_MATERIAL FOR THE TASK_

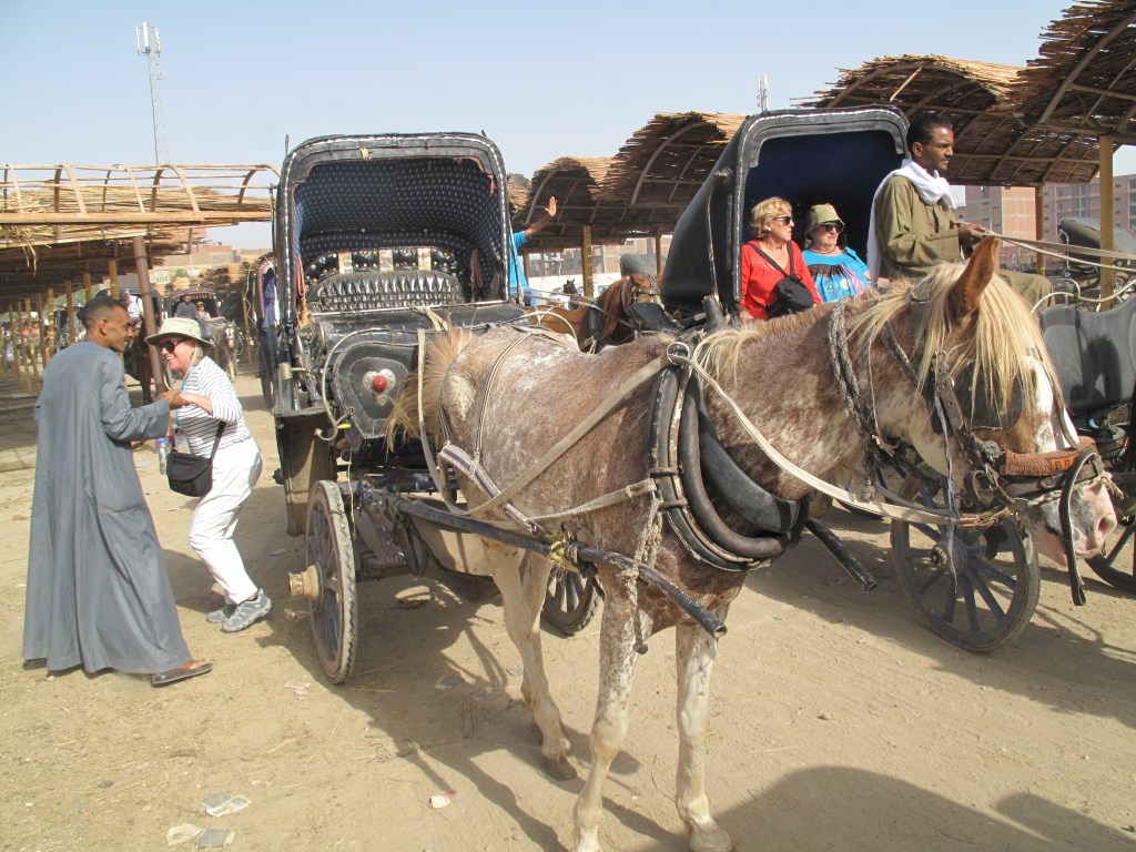 The day before that in Aswan, my wife and I took the horse carriage ride that was included in the tour package. All the passengers from our boat were led to one of the dozens of Egyptian Hantours lined up on the corniche above the quayside. As soon as our turn came to climb into a carriage seat, the attendant whistled like a traffic cop. Thereupon we clip-clopped away at a brisk pace. With the Eid festival still underway, there was excitement in the crowded streets. A few kids waved and called out––some cupping hands as if to receive tossed alms…
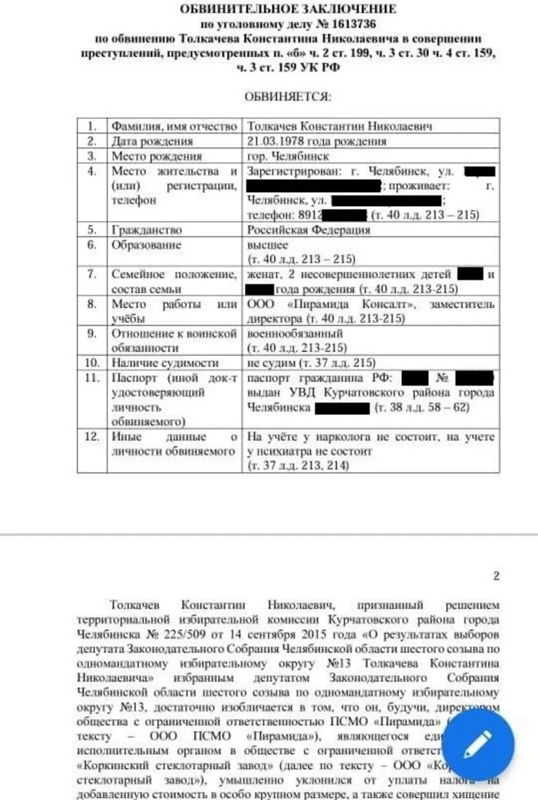 Дело Толкачева поступило в суд 3 марта. По версии обвинения , он заключил фиктивные сделки об аренде имущества ООО «Коркинский стеклотарный завод», которым управляло его ООО ПСМО «Пирамида». Ему удалось снизить налоговую базу, не доплатив 16,3 млн рублей НДС. Кроме того, депутат якобы документально не оформил другую сделку, чтобы сэкономить 591 тысячу рублей НДС. Действия Толкачева квалифицировали по ч.3 ст. 159 (мошенничество в крупном размере), ч.3 ст. 30, ч.4 ст. 159 (покушение на мошенничество) и п.б ч.2 ст. 199 (уклонение от уплаты налогов в особо крупном размере) УК РФ.
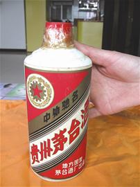 昨日,汉口车站路居民姜女士向记者展示了收藏多年的一瓶茅台酒。其瓶身包装纸已泛黄,正面左上角有一颗五角星,底部写着“地方国营茅台酒厂出品”(如图),背面有茅台酒简介,其出厂日期依稀显示为1978年9月4日,但瓶身上没有注明该酒的浓度和容量。
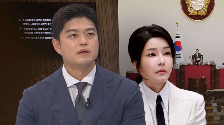 [김용태/국민의힘 의원 : 그렇습니다. 이 특검법과 또 여사가 입장을 표명하는 것은 분리해서 생각해야 된다라고 생각합니다. 김건희 여사와 관련해서 김건희 여사가 어떤 행동을 하든 그것이 옳고 그른 걸 떠나서 비호감도가 높은 상황이고 최근에 대선 당시에 여사께서 조용한 내조를 약속하셨는데 그렇지 못하게 된 점 그리고 명품백 의혹만 하더라도 저희가 법적으로는 불기소 처분을 받았지만 또 정치의 영역은 다른 것이거든요. 물론 이것이 이제 공작이라는 그런 것도 있지만 그걸 떠나서 과연 그렇게 하는 것이 적절했는가에 대한 국민적 의혹이 있는 것이고 영부인이라면 여기에 대해서 입장을 표명하는 것이 맞다라고 생각합니다. 왜냐하면 우리 사회에서 영부인이 갖고 있는 사회적 위치 지위라는 것이 있다고 생각합니다. 많은 국민들이 생각하시는 것들이 있을 텐데 그 명품백 의혹에서 과연 적절했는가에 대한 국민적 비판과 의혹이 있기 때문에 여기에 대해서는 솔직하게 여사께서 입장을 말씀드리고 하는 것이 국민적 도리라고 생각하고요. 또 여사가 앞으로 공개 행보를 하는 데 있어서도 더 수월해질 수 있다라고 생각합니다.]
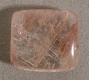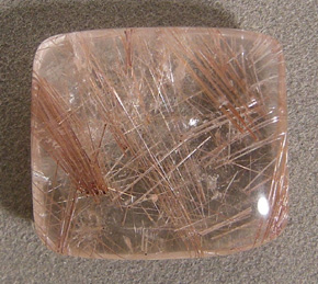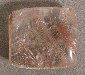 | This rutilated quartz rectangle cabochon is cut the same on both sides in pillow shape. | |
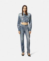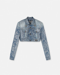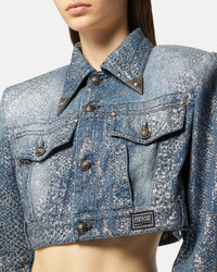 DETAILS This cropped denim jacket features an all-over Animalier motif with lurex threading throughout. It has padded, rounded shoulders, the Piece Number logo tag at the front hem and Western style collar tips. - Animalier motif - V-Emblem hardware - Piece Number logo label - Western-style collar tips - Pointed collar - Long sleeves - Front flap pockets - Belt loops - Button closure - Outer composition: 100% Cotton - Lining: 65% Polyester, 35% Cotton Item: E76HAS458-EDS013M30_E904 SIZE & FIT - The model is 5'10" tall and wears size 40 - All sizes fit Italian standards

_EXERCISE_
For this exercise, return the data above exactly and leave every picture out.

_RESULT OF THE TASK_
 The day before that in Aswan, my wife and I took the horse carriage ride that was included in the tour package. All the passengers from our boat were led to one of the dozens of Egyptian Hantours lined up on the corniche above the quayside. As soon as our turn came to climb into a carriage seat, the attendant whistled like a traffic cop. Thereupon we clip-clopped away at a brisk pace. With the Eid festival still underway, there was excitement in the crowded streets. A few kids waved and called out––some cupping hands as if to receive tossed alms…
 Дело Толкачева поступило в суд 3 марта. По версии обвинения , он заключил фиктивные сделки об аренде имущества ООО «Коркинский стеклотарный завод», которым управляло его ООО ПСМО «Пирамида». Ему удалось снизить налоговую базу, не доплатив 16,3 млн рублей НДС. Кроме того, депутат якобы документально не оформил другую сделку, чтобы сэкономить 591 тысячу рублей НДС. Действия Толкачева квалифицировали по ч.3 ст. 159 (мошенничество в крупном размере), ч.3 ст. 30, ч.4 ст. 159 (покушение на мошенничество) и п.б ч.2 ст. 199 (уклонение от уплаты налогов в особо крупном размере) УК РФ.
 昨日,汉口车站路居民姜女士向记者展示了收藏多年的一瓶茅台酒。其瓶身包装纸已泛黄,正面左上角有一颗五角星,底部写着“地方国营茅台酒厂出品”(如图),背面有茅台酒简介,其出厂日期依稀显示为1978年9月4日,但瓶身上没有注明该酒的浓度和容量。
 [김용태/국민의힘 의원 : 그렇습니다. 이 특검법과 또 여사가 입장을 표명하는 것은 분리해서 생각해야 된다라고 생각합니다. 김건희 여사와 관련해서 김건희 여사가 어떤 행동을 하든 그것이 옳고 그른 걸 떠나서 비호감도가 높은 상황이고 최근에 대선 당시에 여사께서 조용한 내조를 약속하셨는데 그렇지 못하게 된 점 그리고 명품백 의혹만 하더라도 저희가 법적으로는 불기소 처분을 받았지만 또 정치의 영역은 다른 것이거든요. 물론 이것이 이제 공작이라는 그런 것도 있지만 그걸 떠나서 과연 그렇게 하는 것이 적절했는가에 대한 국민적 의혹이 있는 것이고 영부인이라면 여기에 대해서 입장을 표명하는 것이 맞다라고 생각합니다. 왜냐하면 우리 사회에서 영부인이 갖고 있는 사회적 위치 지위라는 것이 있다고 생각합니다. 많은 국민들이 생각하시는 것들이 있을 텐데 그 명품백 의혹에서 과연 적절했는가에 대한 국민적 비판과 의혹이 있기 때문에 여기에 대해서는 솔직하게 여사께서 입장을 말씀드리고 하는 것이 국민적 도리라고 생각하고요. 또 여사가 앞으로 공개 행보를 하는 데 있어서도 더 수월해질 수 있다라고 생각합니다.]
 | This rutilated quartz rectangle cabochon is cut the same on both sides in pillow shape. | |
 DETAILS This cropped denim jacket features an all-over Animalier motif with lurex threading throughout. It has padded, rounded shoulders, the Piece Number logo tag at the front hem and Western style collar tips. - Animalier motif - V-Emblem hardware - Piece Number logo label - Western-style collar tips - Pointed collar - Long sleeves - Front flap pockets - Belt loops - Button closure - Outer composition: 100% Cotton - Lining: 65% Polyester, 35% Cotton Item: E76HAS458-EDS013M30_E904 SIZE & FIT - The model is 5'10" tall and wears size 40 - All sizes fit Italian standards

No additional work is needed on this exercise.